*** DATA RECORDS Section Begins ***

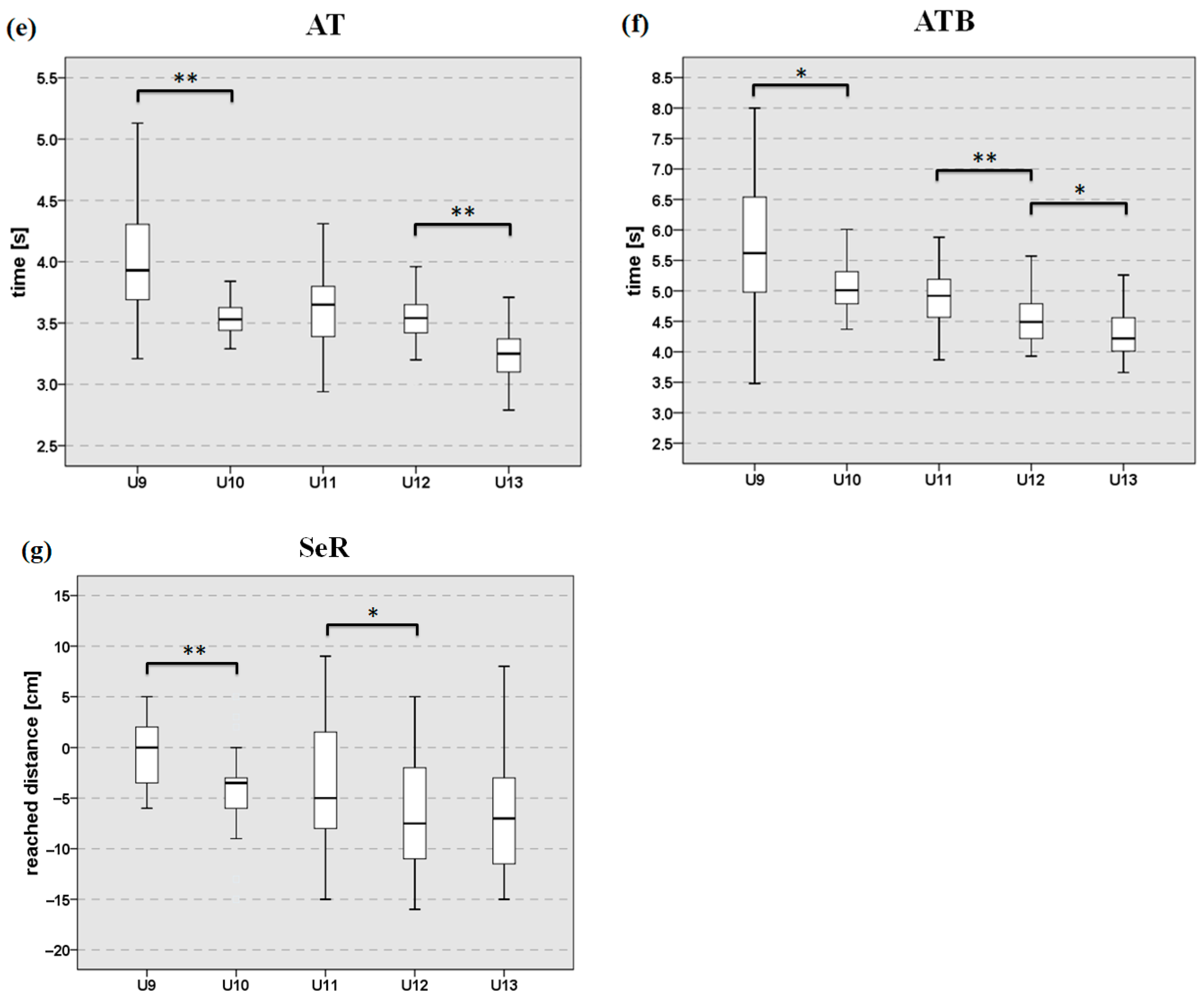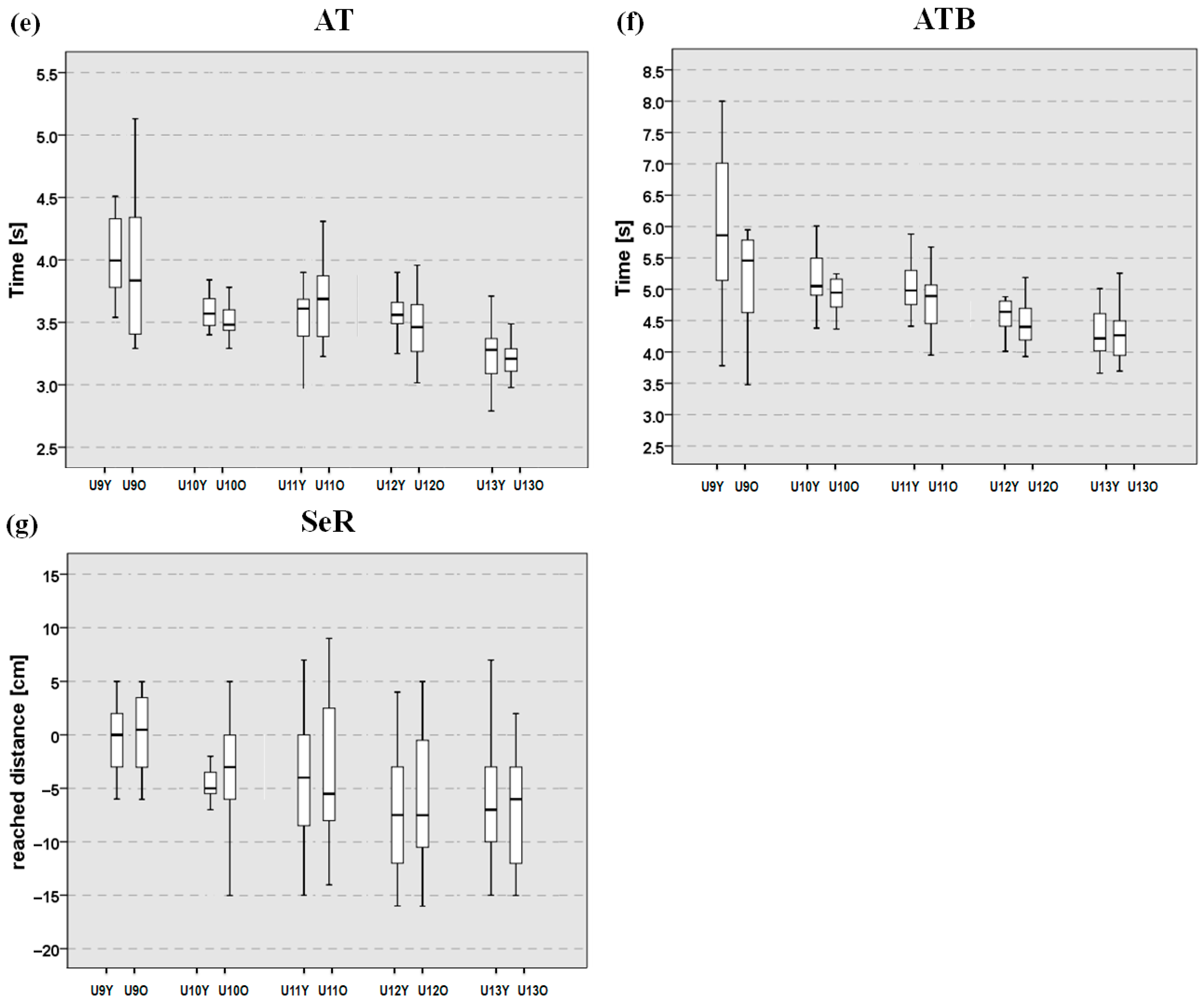 Since significant differences between younger and older athletes could be expected due to athletes’ growth, the post hoc analysis by the non-parametric Mann–Whitney U test was employed to determine whether differences existed only between adjacent age categories (U9 vs. U10, U10 vs. U11, U11 vs. U12, U12 vs. U13). To investigate differences within the same age category, the Kruskal–Wallis test for independent samples was used to assess differences among all subgroups. For parameters showing significant differences, post hoc comparisons between subgroups (Y vs. O) within each age category (e.g., U9Y vs. U9O, U10Y vs. U10O, etc.) were conducted using the Mann–Whitney U test. Statistical significance was set at p ≤ 0.05. The same statistical procedure was then applied to detect significant differences between the subgroups classified according to birth quarter.
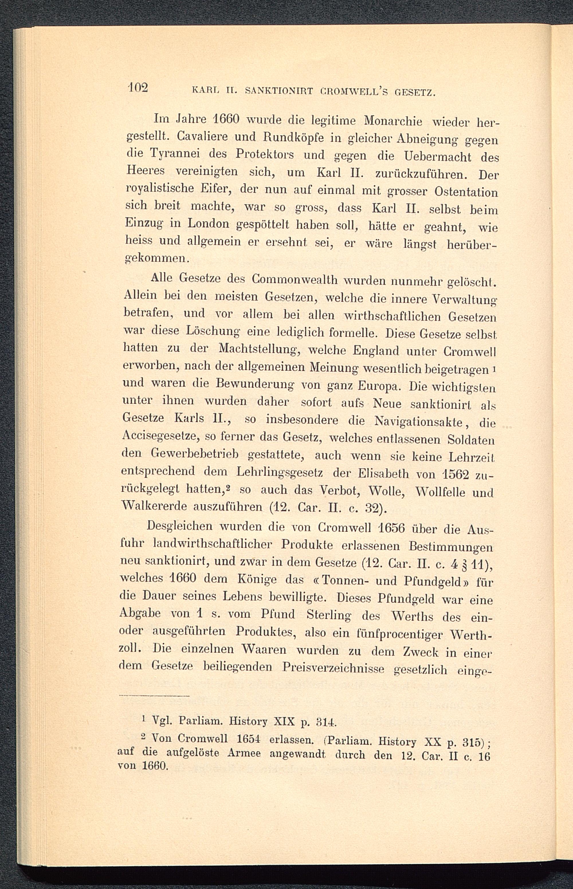 Alle Gesetze des Commonwealth wurden nunmehr gelöscht.Allein hei den meisten Gesetzen, welche die innere Verwaltungbetrafen, und vor allem hei allen wirthschaftlichen Gesetzenwar diese Löschung eine lediglich formelle. Diese Gesetze selbsthatten zu der Machtstellung, welche England unter Cromwellerworben, nach der allgemeinen Meinung wesentlich beigetragen >und waren die Bewunderung von ganz Europa . Die wichtigstenunter ihnen wurden daher sofort aufs Neue sanktionirl alsGesetze Karls II. , so insbesondere die Navigationsakte, dieAccisegesetze, so ferner das Gesetz, welches entlassenen Soldatenden Gewerbebetrieb gestattete, auch wenn sie keine Lehrzeit,entsprechend dem Lehrlingsgesetz der Elisabeth von 1562 zu-rückgelegl hatten ,2 so auch das Verbot, Wolle, Wollfelle undWalkererde auszuführen (12. Car. II. c. 32).
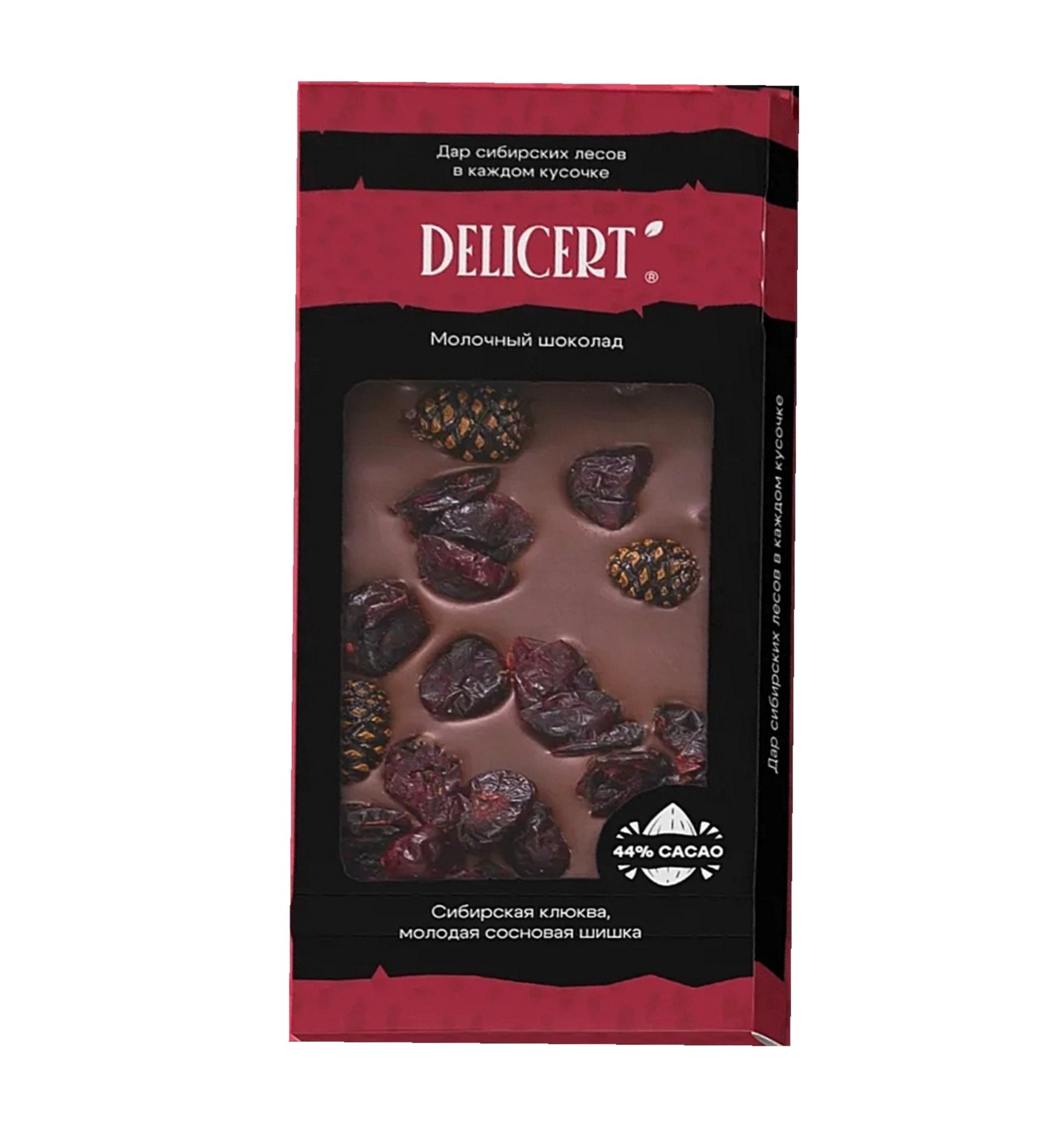 Шоколад молочный с сибирской клюквой ,молодой сосновой шишкой DELICERT. 75гр.
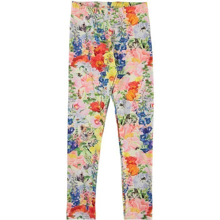 Легинсы Molo – это идеальный выбор для девочек! Изготовленные из 95% органического хлопка и 5% эластана, они украшены ярким цветочным принтом с животными. На фотографии видны разноцветные цветы, бабочки, кошки и леопарды на белом фоне. Легинсы с эластичной резинкой на талии и удобной посадкой идеально сидят и комфортно для ребенка. Качество от бренда из Дании и внимание к деталям делают эти легинсы отличным выбором для вашего девочки!
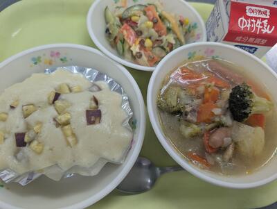 11月4日の給食は、さつまいも蒸しパン、牛乳、ポトフ、チーズサラダでした。
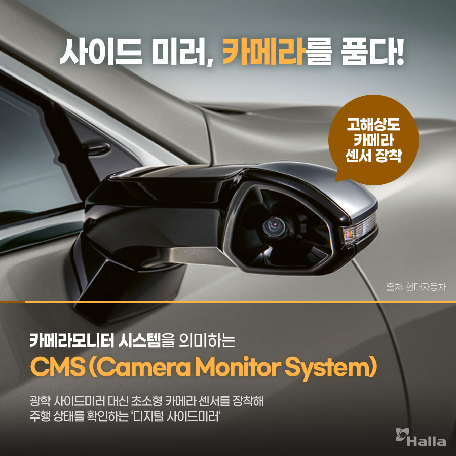 CMS(Camera Monitor System)는 반사경 대신 카메라와 모니터를 결합하여 시야를 확보하는 장치를 말합니다. 흔히 ‘디지털 사이드미러’라고도 불리는데요. 2017년, 국내 자동차 규칙이 일부 개정되며 장착이 허용됐습니다.
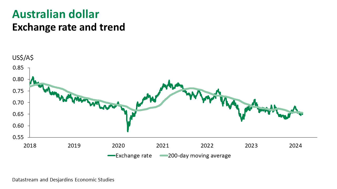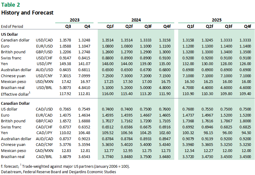 - We expect the Canadian dollar to continue trading around CAN$1.35/US$ (US$0.74) in the coming months. It should bounce back a little once the global economy picks up in the second half of the year and in 2025 and as commodity prices start rising.
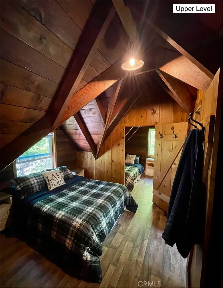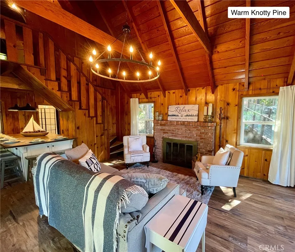 Vintage Feel, Modern Living. This hideaway is tucked just below Lake Arrowhead’s quiet Hillside Road. Among beautiful dogwood trees & towering pines, this newly renovated 1938 cabin blends the charm of a 1930s retreat with the comforts of a modern home. Easy access with bedroom on the main, ramp to the front door and street level parking pad. Just a short walk to Burnt Mill Beach and the newly updated Village, with its shops, restaurants, and summer concerts. Relax on the wrap-around deck and listen to the birds sing, church bells ring and the ducks chatting on the lake. Practically everything in this cabin has been updated—from plumbing to appliances to exterior siding to high efficiency heater—while still preserving its golden-age charm. The cabin has been thoughtfully remodeled to create a warm, open feel, featuring vaulted beamed ceilings, the original brick fireplace, and classic knotty pine T&G walls and ceilings. A large butcher block island separates the living room from a beautifully updated kitchen, along with a bedroom and bathroom with shower and laundry. Upstairs the warmth continues from the loft bedroom to a cozy side bedroom, and a bathroom with bathtub. New shuttered dual-pane windows and upgraded insulation keep the cabin warm and cozy on snowy winter days. Room for a workshop & storage under the house. Dock by Peninsula Park available for additional $$$. FULL LAKE RIGHTS.
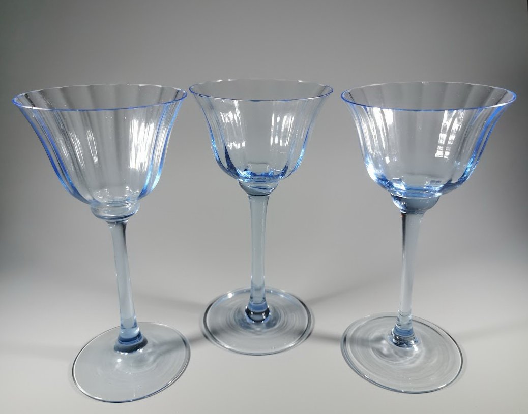 Taurės Art Deco stiliaus, melsvo stiklo, tarpukario laikų, 1920-1930 m. 3 vnt. Aukštis 17,5 cm. Smulkus defektas. Kaina po 23

*** DATA RECORDS Section Ends ***

#### [WORK TO COMPLETE]
What you write should match the entries exactly, except that the pictures are dropped.

#### [ANSWER SPACE]
 Since significant differences between younger and older athletes could be expected due to athletes’ growth, the post hoc analysis by the non-parametric Mann–Whitney U test was employed to determine whether differences existed only between adjacent age categories (U9 vs. U10, U10 vs. U11, U11 vs. U12, U12 vs. U13). To investigate differences within the same age category, the Kruskal–Wallis test for independent samples was used to assess differences among all subgroups. For parameters showing significant differences, post hoc comparisons between subgroups (Y vs. O) within each age category (e.g., U9Y vs. U9O, U10Y vs. U10O, etc.) were conducted using the Mann–Whitney U test. Statistical significance was set at p ≤ 0.05. The same statistical procedure was then applied to detect significant differences between the subgroups classified according to birth quarter.
 Alle Gesetze des Commonwealth wurden nunmehr gelöscht.Allein hei den meisten Gesetzen, welche die innere Verwaltungbetrafen, und vor allem hei allen wirthschaftlichen Gesetzenwar diese Löschung eine lediglich formelle. Diese Gesetze selbsthatten zu der Machtstellung, welche England unter Cromwellerworben, nach der allgemeinen Meinung wesentlich beigetragen >und waren die Bewunderung von ganz Europa . Die wichtigstenunter ihnen wurden daher sofort aufs Neue sanktionirl alsGesetze Karls II. , so insbesondere die Navigationsakte, dieAccisegesetze, so ferner das Gesetz, welches entlassenen Soldatenden Gewerbebetrieb gestattete, auch wenn sie keine Lehrzeit,entsprechend dem Lehrlingsgesetz der Elisabeth von 1562 zu-rückgelegl hatten ,2 so auch das Verbot, Wolle, Wollfelle undWalkererde auszuführen (12. Car. II. c. 32).
 Шоколад молочный с сибирской клюквой ,молодой сосновой шишкой DELICERT. 75гр.
 Легинсы Molo – это идеальный выбор для девочек! Изготовленные из 95% органического хлопка и 5% эластана, они украшены ярким цветочным принтом с животными. На фотографии видны разноцветные цветы, бабочки, кошки и леопарды на белом фоне. Легинсы с эластичной резинкой на талии и удобной посадкой идеально сидят и комфортно для ребенка. Качество от бренда из Дании и внимание к деталям делают эти легинсы отличным выбором для вашего девочки!
 11月4日の給食は、さつまいも蒸しパン、牛乳、ポトフ、チーズサラダでした。
 CMS(Camera Monitor System)는 반사경 대신 카메라와 모니터를 결합하여 시야를 확보하는 장치를 말합니다. 흔히 ‘디지털 사이드미러’라고도 불리는데요. 2017년, 국내 자동차 규칙이 일부 개정되며 장착이 허용됐습니다.
 - We expect the Canadian dollar to continue trading around CAN$1.35/US$ (US$0.74) in the coming months. It should bounce back a little once the global economy picks up in the second half of the year and in 2025 and as commodity prices start rising.
 Vintage Feel, Modern Living. This hideaway is tucked just below Lake Arrowhead’s quiet Hillside Road. Among beautiful dogwood trees & towering pines, this newly renovated 1938 cabin blends the charm of a 1930s retreat with the comforts of a modern home. Easy access with bedroom on the main, ramp to the front door and street level parking pad. Just a short walk to Burnt Mill Beach and the newly updated Village, with its shops, restaurants, and summer concerts. Relax on the wrap-around deck and listen to the birds sing, church bells ring and the ducks chatting on the lake. Practically everything in this cabin has been updated—from plumbing to appliances to exterior siding to high efficiency heater—while still preserving its golden-age charm. The cabin has been thoughtfully remodeled to create a warm, open feel, featuring vaulted beamed ceilings, the original brick fireplace, and classic knotty pine T&G walls and ceilings. A large butcher block island separates the living room from a beautifully updated kitchen, along with a bedroom and bathroom with shower and laundry. Upstairs the warmth continues from the loft bedroom to a cozy side bedroom, and a bathroom with bathtub. New shuttered dual-pane windows and upgraded insulation keep the cabin warm and cozy on snowy winter days. Room for a workshop & storage under the house. Dock by Peninsula Park available for additional $$$. FULL LAKE RIGHTS.
 Taurės Art Deco stiliaus, melsvo stiklo, tarpukario laikų, 1920-1930 m. 3 vnt. Aukštis 17,5 cm. Smulkus defektas. Kaina po 23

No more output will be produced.